*AIM OF THE EXERCISE*
Could you give back exactly the lines below from the one with "ЭлектроМастер, магазин по" through the one with "营收和课消面积图:体现营收和", without a single picture?

*SUPPLIED MATERIAL*
======

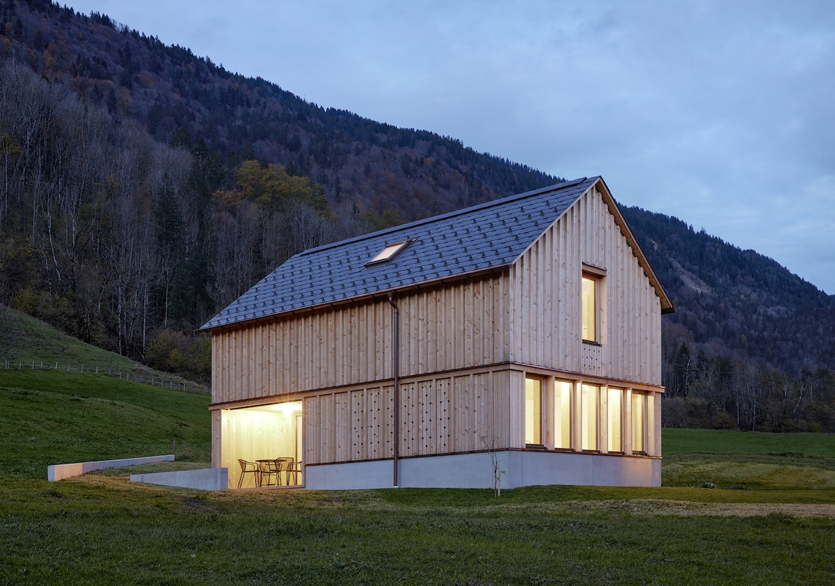 Modern wooden chalet with fantastic view over the whole valley and into the stunning austrian Alps. 3 floors with supercomfy charme, located above Schwarzenberg and a 5 minute drive to the Bödele ski resort. The house is located about 15 / 20 minutes by car from some of the areas finest ski resorts like Mellau / Damüls, about 35 / 40 minutes to Austrias best and largest ski destination, the Arlberg, which is connected via Schröcken / Warth by direct cable car connection.
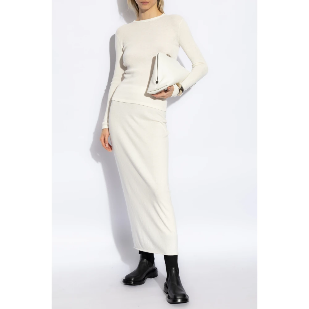 Dit shirt met lange mouwen valt op door zijn aansluitende pasvorm en fijne ribgebreide stof, die zorgt voor een comfortabele pasvorm. De klassieke ronde halslijn benadrukt de tijdloze uitstraling. Gemaakt van zacht kasjmier, zorgt het voor optimaal comfort en is veelzijdig te combineren - een must-have voor stijlvolle alledaagse looks.
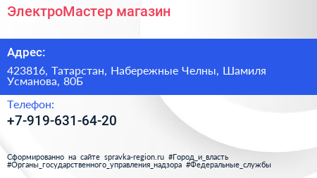 ЭлектроМастер, магазин по адресу 423816, Татарстан, Набережные Челны, Шамиля Усманова, 80Б в дальнейшем Организация, размещена в следующих категориях:
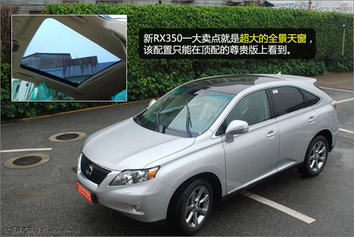 從高處俯瞰新RX350,長890 mm,寬800 mm的全景式天窗映入眼簾。這樣的設(shè)計(jì)可以讓后排乘客也可充分享受到陽光的滋潤。值得一提的是,該項(xiàng)配置僅可在售價達(dá)85.2萬元的RX350尊貴版上看到。
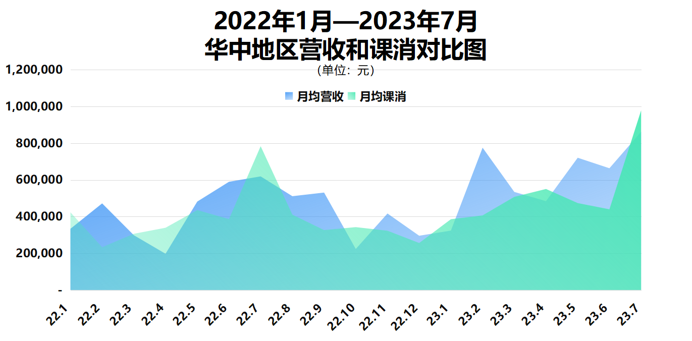 营收和课消面积图:体现营收和课消两者之间的趋势和面积比例差距,一般而言,健康的状况,营收和课消的趋势基本重合,或者处于交替的状态,也就是营收高峰后,紧接着是课消高峰。而且两者的面积比例差距不宜过大,若课消大于营收,则可能出现现金流不足,若营收大于课消,则可能出现退费风险。
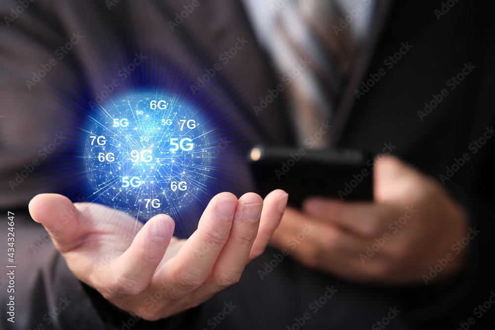 Businessman using a smartphone with internet and wifi network technology in future
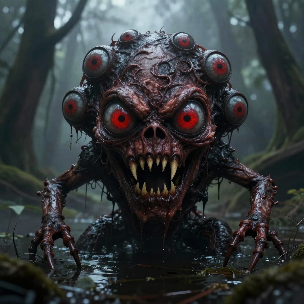 Six-Eyed Horror Creature in Swamp
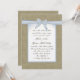 O olhar de Burlap e um arco azul para o seu casamento ou ocasião especial. Design completamente impresso com texto personalizável. Este produto está impresso. Não há burlap real nem nenhum arco real incluído neste produto.
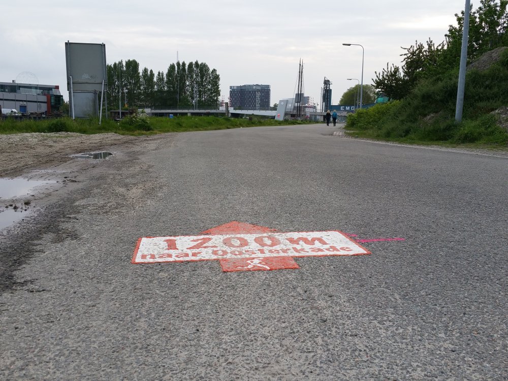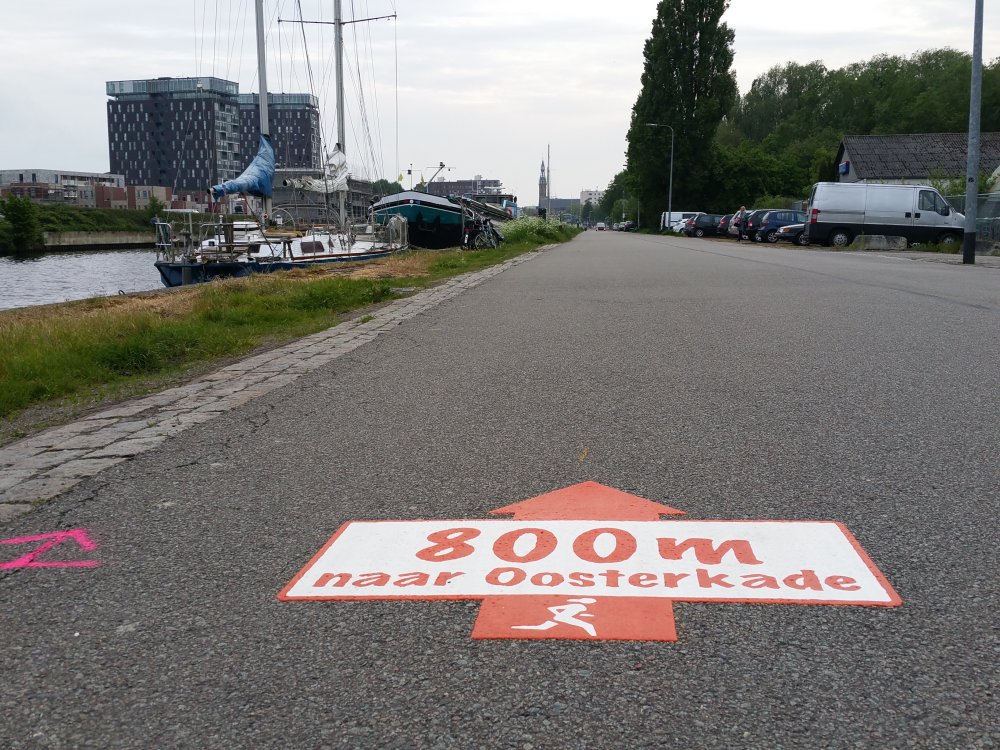 Op weg naar de Nacht van Groningen besluit ik dit nieuwste route meteen te lopen. Lastig is het traject niet. Het is namelijk één rechte lijn van 1320 meter langs het kanaal en hoogteverschil is er ook niet. Maar onderweg valt wél een heleboel te zien. Mijn startpunt achter de Praxis bij het Damsterdiep is formeel het eindpunt, maar omdat de diverse afstandsmarkeringen naar beide kanten wijzen, maakt het eigenlijk helemaal niet uit aan welke kant je begint. En je kunt deze route dus ook heen en terug lopen. Met markeringen om de vierhonderd meter is het zeer geschikt voor intervallen.
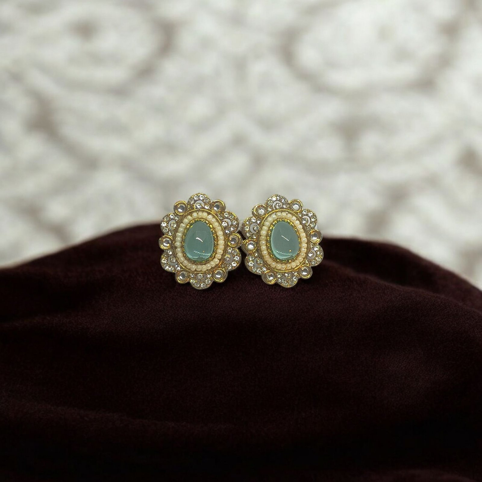 Red and Gold Cracked Stone Stud with Pearl Border
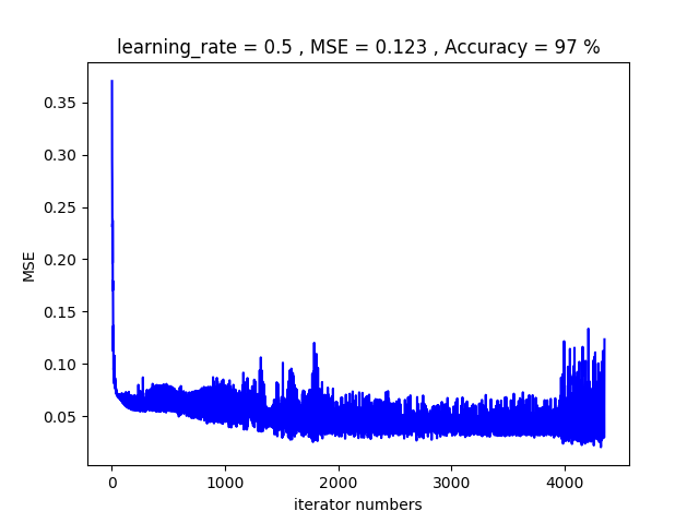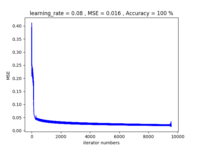 學習速率 | 迭代次數 | MSE | 正確率 | |
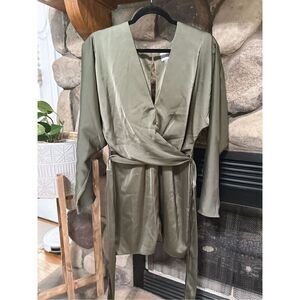 ASOS gorgeous cocktail dress || mini, sage green, silk || extra long (I have it doubled in the photos) and wide waist tie || mini length, is fitted through hips || for context I’m a 6/8 and this fits me well || deep V neckline || this dress is stunning on and excellent quality and condition

======

*RESULT*
 ЭлектроМастер, магазин по адресу 423816, Татарстан, Набережные Челны, Шамиля Усманова, 80Б в дальнейшем Организация, размещена в следующих категориях:
 從高處俯瞰新RX350,長890 mm,寬800 mm的全景式天窗映入眼簾。這樣的設(shè)計(jì)可以讓后排乘客也可充分享受到陽光的滋潤。值得一提的是,該項(xiàng)配置僅可在售價達(dá)85.2萬元的RX350尊貴版上看到。
 营收和课消面积图:体现营收和课消两者之间的趋势和面积比例差距,一般而言,健康的状况,营收和课消的趋势基本重合,或者处于交替的状态,也就是营收高峰后,紧接着是课消高峰。而且两者的面积比例差距不宜过大,若课消大于营收,则可能出现现金流不足,若营收大于课消,则可能出现退费风险。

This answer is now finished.